Selama tiga bulan mengikuti anjuran untuk stay at home, sudah berapa kali kalian keluar rumah? Gue sendiri, kalau ditotalin sudah tiga kali dan beberapa waktu lalu merupakan pertama kalinya gue keluar rumah untuk urusan yang tidak begitu penting. Langsung saja, begini ceritanya…
Gue ingat betul, kali pertamanya gue keluar rumah yaitu tanggal 9 April lalu. Alasan gue keluar ketika itu karena perlu ke bank. Tentu gue enggak ujug-ujug langsung berangkat ke bank begitu saja. Dalam situasi seperti ini, gue rasa setiap orang perlu membuat rencana sebelum memutuskan untuk bepergian. Sebab dalam kondisi seperti ini, keluar rumah rasanya hampir sama seperti pergi ke medan perang.
Ketika terjun ke medan perang, kemungkinannya cuma dua. Selamat dan tidak selamat. Pun jika selamat, masih ada kemungkinan lain. Yaitu selamat dalam keadaan sehat sentosa atau selamat namun dalam keadaan kurang baik seperti terkena tembakan.
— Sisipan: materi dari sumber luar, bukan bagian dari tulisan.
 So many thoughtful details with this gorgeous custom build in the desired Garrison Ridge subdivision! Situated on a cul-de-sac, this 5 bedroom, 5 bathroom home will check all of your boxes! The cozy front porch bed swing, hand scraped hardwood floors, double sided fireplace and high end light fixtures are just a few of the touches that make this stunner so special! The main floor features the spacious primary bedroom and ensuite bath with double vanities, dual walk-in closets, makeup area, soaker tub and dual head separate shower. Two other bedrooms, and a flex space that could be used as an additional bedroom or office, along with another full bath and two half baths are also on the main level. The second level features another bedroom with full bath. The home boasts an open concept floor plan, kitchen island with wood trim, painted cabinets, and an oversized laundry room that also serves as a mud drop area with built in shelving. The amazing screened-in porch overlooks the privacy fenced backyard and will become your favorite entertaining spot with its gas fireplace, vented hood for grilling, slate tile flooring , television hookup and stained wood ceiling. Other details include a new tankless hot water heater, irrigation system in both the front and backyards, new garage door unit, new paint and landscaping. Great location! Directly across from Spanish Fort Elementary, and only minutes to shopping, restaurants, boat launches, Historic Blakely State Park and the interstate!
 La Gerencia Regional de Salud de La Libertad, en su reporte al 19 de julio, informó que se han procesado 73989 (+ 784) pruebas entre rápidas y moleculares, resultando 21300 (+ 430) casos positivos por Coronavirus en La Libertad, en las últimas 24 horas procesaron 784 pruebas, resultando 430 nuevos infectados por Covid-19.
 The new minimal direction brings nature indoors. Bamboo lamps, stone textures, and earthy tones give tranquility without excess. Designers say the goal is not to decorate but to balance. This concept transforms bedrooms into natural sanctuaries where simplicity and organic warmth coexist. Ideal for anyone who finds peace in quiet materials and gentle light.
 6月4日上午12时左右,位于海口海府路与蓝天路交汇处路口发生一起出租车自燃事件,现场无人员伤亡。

Begitu juga ketika bepergian di masa pandemi sekarang ini. Bisa dalam keadaan sehat sentosa atau sehat tapi membawa membawa penyakit ke dalam rumah dan menularkannya ke anggota keluarga. Oleh karena itu, sebelum pergi ke Bank, beberapa hari sebelumnya gue sudah membuat rencana terlebih dulu.
Rencana gue yaitu pergi ke bank pada malam hari. Kenapa harus malam hari? Karena gue berusaha menghindari keramaian yang disebabkan oleh antrean. Sekalipun sudah menerapkan physical distancing dan mengikuti protokol kesehatan, selama mengantre, kemungkinan untuk tertular tetap ada. Apalagi jika masih ada orang yang membandel tidak mengenakan masker ketika keluar atau batuk secara sembarangan.
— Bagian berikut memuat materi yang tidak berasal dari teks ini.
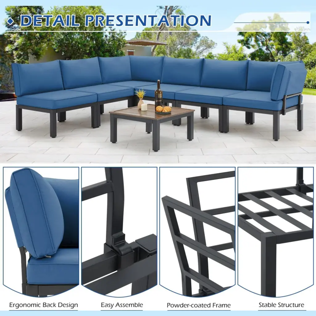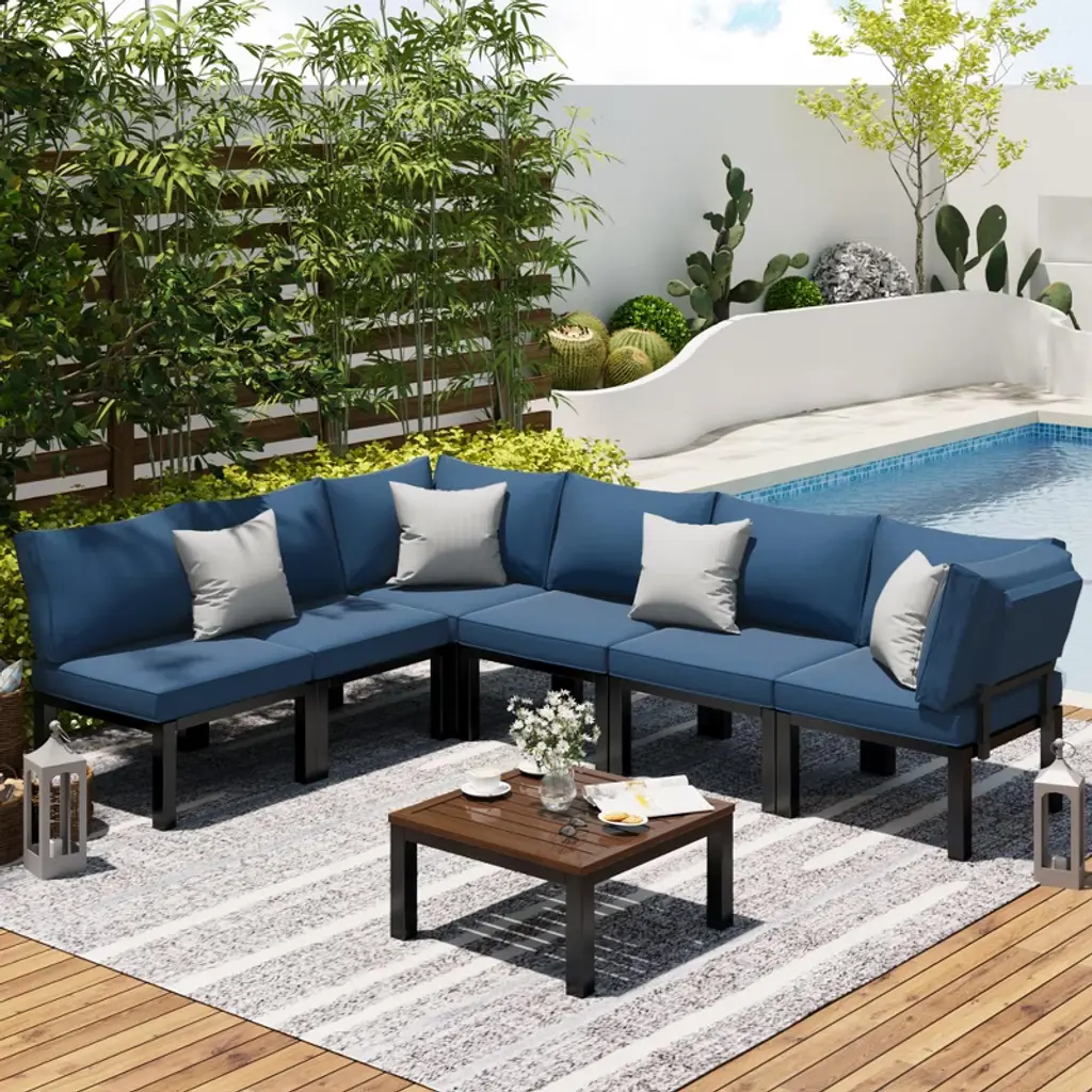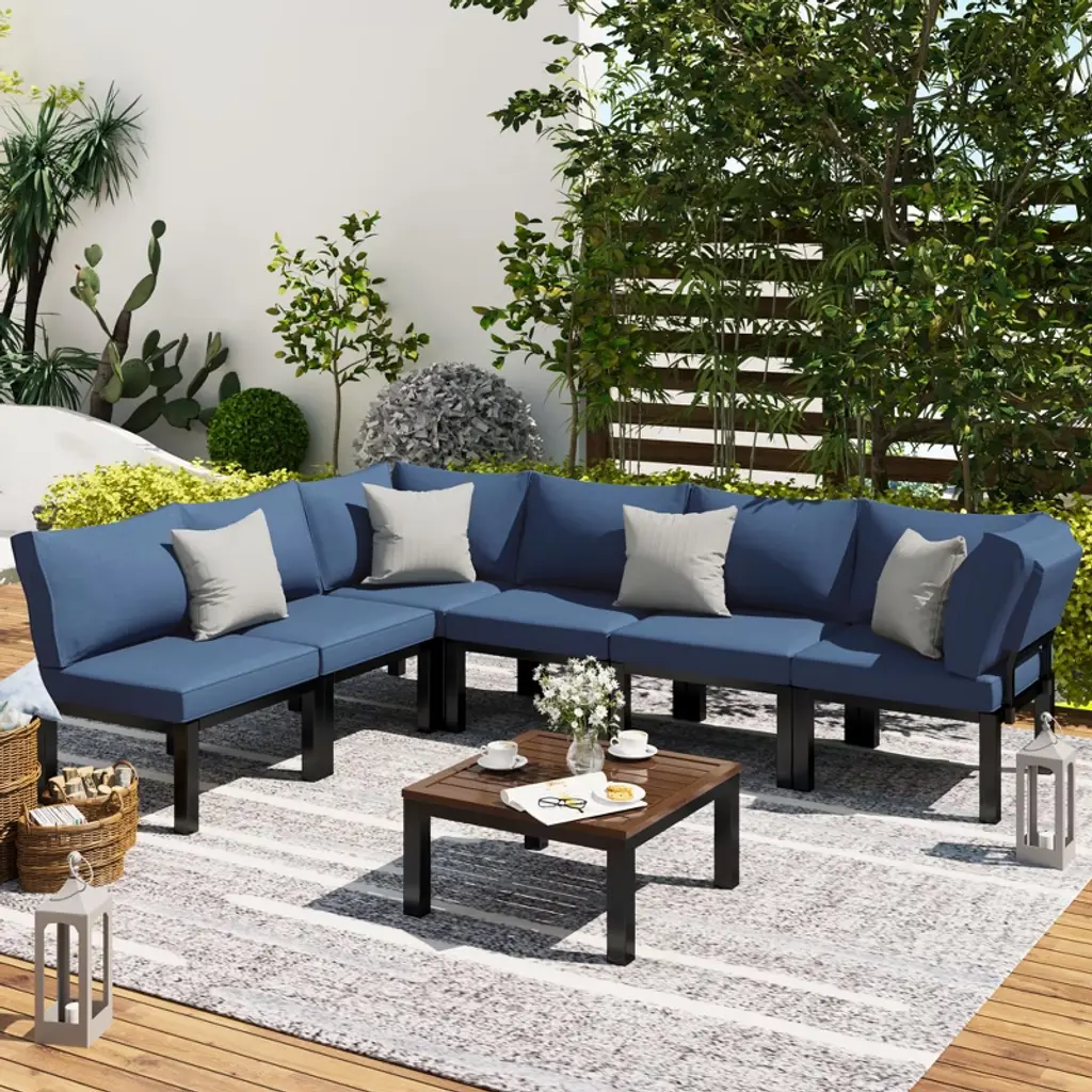 Cesicia 7-piece Blue Patio Sofa Set With Coffee Table For Backyard, Porch & Poolside

Setibanya di Bank, gue langsung disambut oleh petugas keamanan yang sedang bekerja sesuai protokol kesehatan yang berlaku. Ketika gue hendak masuk, hal pertama yang petugas tersebut lakukan yaitu mengecek suhu tubuh setiap tamu atau nasabah yang mampir. Setelah mengukur suhu tubuh, selanjutnya gue diminta untuk mencuci tangan di wastafel yang sudah disediakan di dekat pintu masuk.
Selesai mencuci tangan, lalu petugas tersebut mengarahkan gue untuk mengeringkan tangan dengan bantuan mesin pengering yang menempel tak jauh dari wastafel. Setelah cukup kering, akhirnya petugas itu membolehkan gue untuk masuk.
Alasan kenapa gue mampir ke bank, tidak lain karena gue perlu membayar uang kos untuk bulan April. Namun sebelum gue membayar uang kos, gue perlu menyetor sejumlah uang ke rekening pribadi terlebih dahulu melalui mesin ATM setor tunai yang hanya tersedia di Kantor Cabang Utama Bank.
Selesai menyetor uang, untuk lebih amannya, gue kembali mencuci tangan di luar. Karena yang gue tahu, uang kertas bisa jadi media penyebaran virus dan bakteri.
Kali kedua gue keluar rumah yaitu awal bulan Mei lalu. Alasan gue keluar rumah ketika itu tidak lain karena gue ingin membeli beberapa keperluan di minimarket. Salah satunya yaitu tisu.
Sama seperti sebelumnya, beberapa hari sebelum keluar rumah gue menjalankan ritual terlebih dahulu. Ritual yang gue jalanin yaitu bertanya pada diri sendiri. Bertanya ke diri sendiri merupakan cara gue untuk mengukur seberapa pentingnya tindakan yang akan gue lakukan. Pertanyaan gue ketika itu ialah, “mengapa gue senekat ini demi membeli tisu?”
Setelah memikirkannya dengan baik, jawaban atas pertanyaan tersebut yaitu “karena gue sering bersin setiap kali bangun tidur. Akibatnya, gue butuh tisu untuk memfilter droplet yang keluar setiap kali gue bersin.”
Masalah ini sebetulnya sudah lumayan lama terjadi. Bahkan sebelum adanya kasus Covid-19. Karena gue orangnya cukup pelupa, gue enggak sempat memeriksakan masalah ini ke dokter. Bahkan ketika gue sedang bertemu dokter pun, gue lupa menyampaikan keluhan ini karena hanya terjadi setiap pagi.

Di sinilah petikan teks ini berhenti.